[Items from a data source]

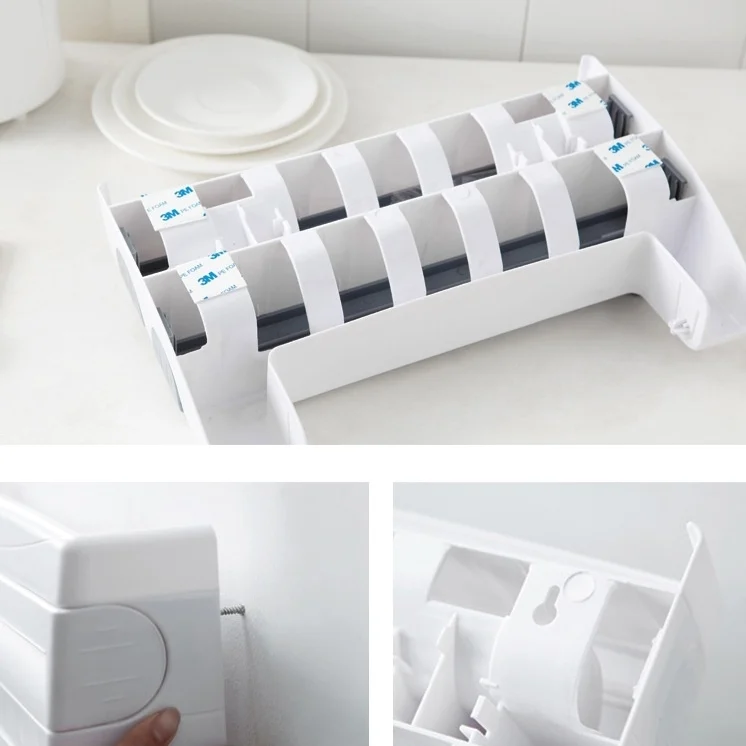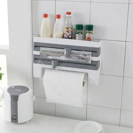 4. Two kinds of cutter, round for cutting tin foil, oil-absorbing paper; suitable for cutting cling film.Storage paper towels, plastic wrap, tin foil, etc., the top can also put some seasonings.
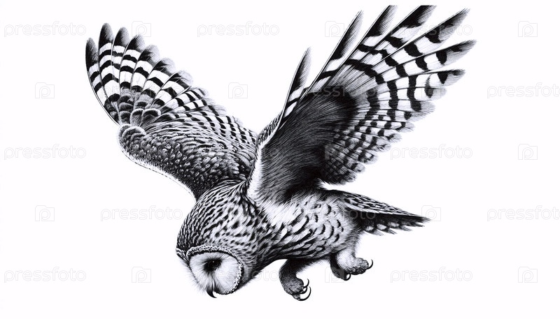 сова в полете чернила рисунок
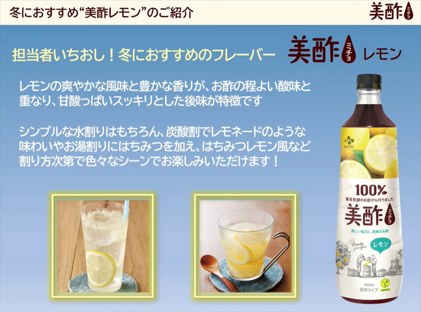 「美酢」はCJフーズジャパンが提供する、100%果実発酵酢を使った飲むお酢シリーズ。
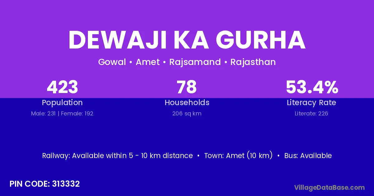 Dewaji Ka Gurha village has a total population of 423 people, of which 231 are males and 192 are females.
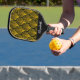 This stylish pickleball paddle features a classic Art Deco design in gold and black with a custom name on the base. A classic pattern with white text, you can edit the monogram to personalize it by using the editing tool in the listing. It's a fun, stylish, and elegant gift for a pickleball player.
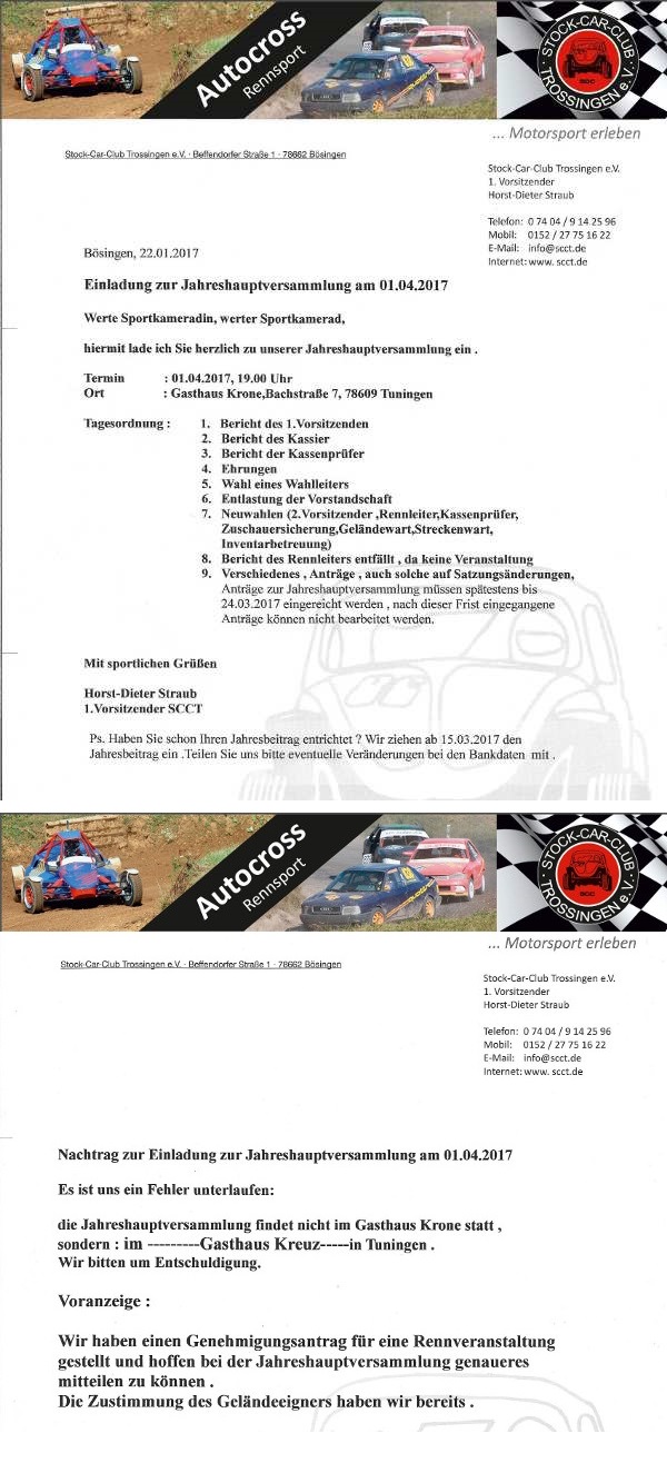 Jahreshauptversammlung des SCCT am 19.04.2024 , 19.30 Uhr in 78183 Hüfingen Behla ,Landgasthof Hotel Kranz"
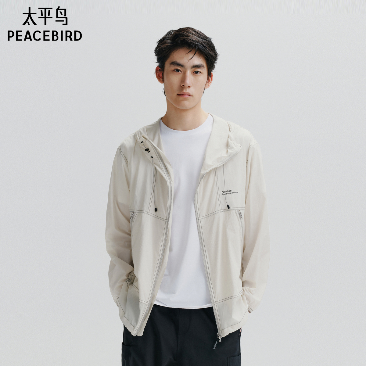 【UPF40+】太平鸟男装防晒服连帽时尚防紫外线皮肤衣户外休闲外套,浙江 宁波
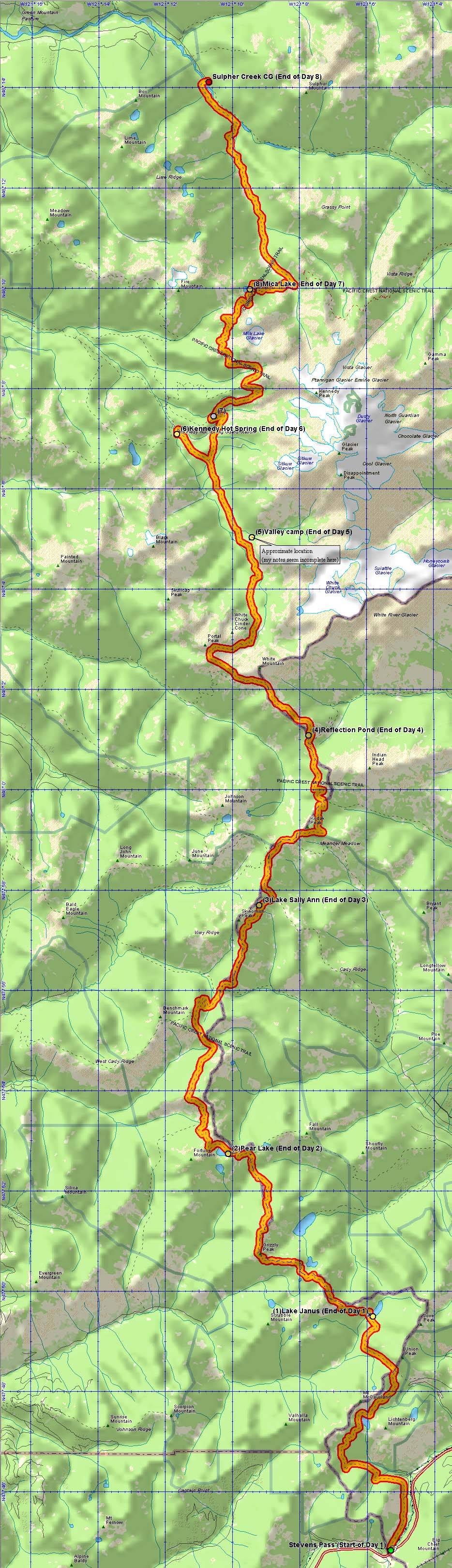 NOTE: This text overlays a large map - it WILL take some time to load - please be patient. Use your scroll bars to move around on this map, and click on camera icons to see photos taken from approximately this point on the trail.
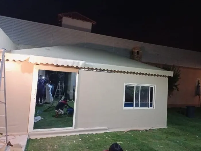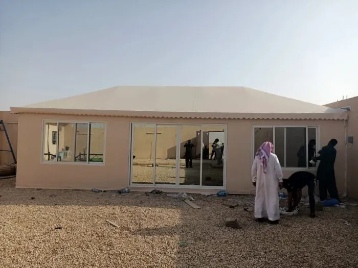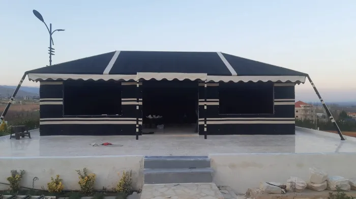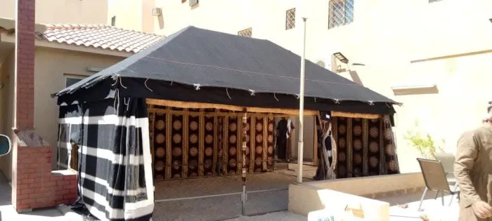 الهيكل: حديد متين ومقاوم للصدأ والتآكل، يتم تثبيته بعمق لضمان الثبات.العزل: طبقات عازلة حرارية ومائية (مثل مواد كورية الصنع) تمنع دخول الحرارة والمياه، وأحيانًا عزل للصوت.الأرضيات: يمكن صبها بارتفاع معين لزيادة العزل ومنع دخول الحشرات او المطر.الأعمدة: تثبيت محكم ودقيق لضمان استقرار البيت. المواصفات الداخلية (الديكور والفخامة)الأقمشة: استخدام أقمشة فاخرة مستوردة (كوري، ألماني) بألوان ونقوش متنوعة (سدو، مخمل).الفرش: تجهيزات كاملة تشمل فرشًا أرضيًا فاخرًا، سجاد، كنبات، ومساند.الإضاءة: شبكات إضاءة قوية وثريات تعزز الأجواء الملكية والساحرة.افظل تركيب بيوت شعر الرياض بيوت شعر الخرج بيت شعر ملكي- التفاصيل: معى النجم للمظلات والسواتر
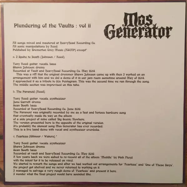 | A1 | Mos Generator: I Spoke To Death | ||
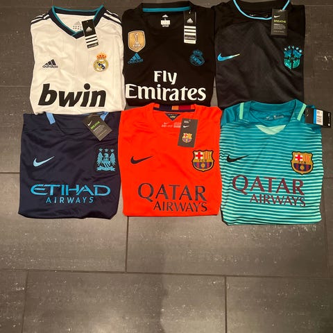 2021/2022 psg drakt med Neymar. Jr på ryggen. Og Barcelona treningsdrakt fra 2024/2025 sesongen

WHAT THE TASK REQUIRES >> Look above for the line with "сова в полете чернила рисунок" and the line with "NOTE: This text", then restate exactly those two lines and all lines between them, with no pictures.

WRITTEN SOLUTION >>
 сова в полете чернила рисунок
 「美酢」はCJフーズジャパンが提供する、100%果実発酵酢を使った飲むお酢シリーズ。
 Dewaji Ka Gurha village has a total population of 423 people, of which 231 are males and 192 are females.
 This stylish pickleball paddle features a classic Art Deco design in gold and black with a custom name on the base. A classic pattern with white text, you can edit the monogram to personalize it by using the editing tool in the listing. It's a fun, stylish, and elegant gift for a pickleball player.
 Jahreshauptversammlung des SCCT am 19.04.2024 , 19.30 Uhr in 78183 Hüfingen Behla ,Landgasthof Hotel Kranz"
 【UPF40+】太平鸟男装防晒服连帽时尚防紫外线皮肤衣户外休闲外套,浙江 宁波
 NOTE: This text overlays a large map - it WILL take some time to load - please be patient. Use your scroll bars to move around on this map, and click on camera icons to see photos taken from approximately this point on the trail.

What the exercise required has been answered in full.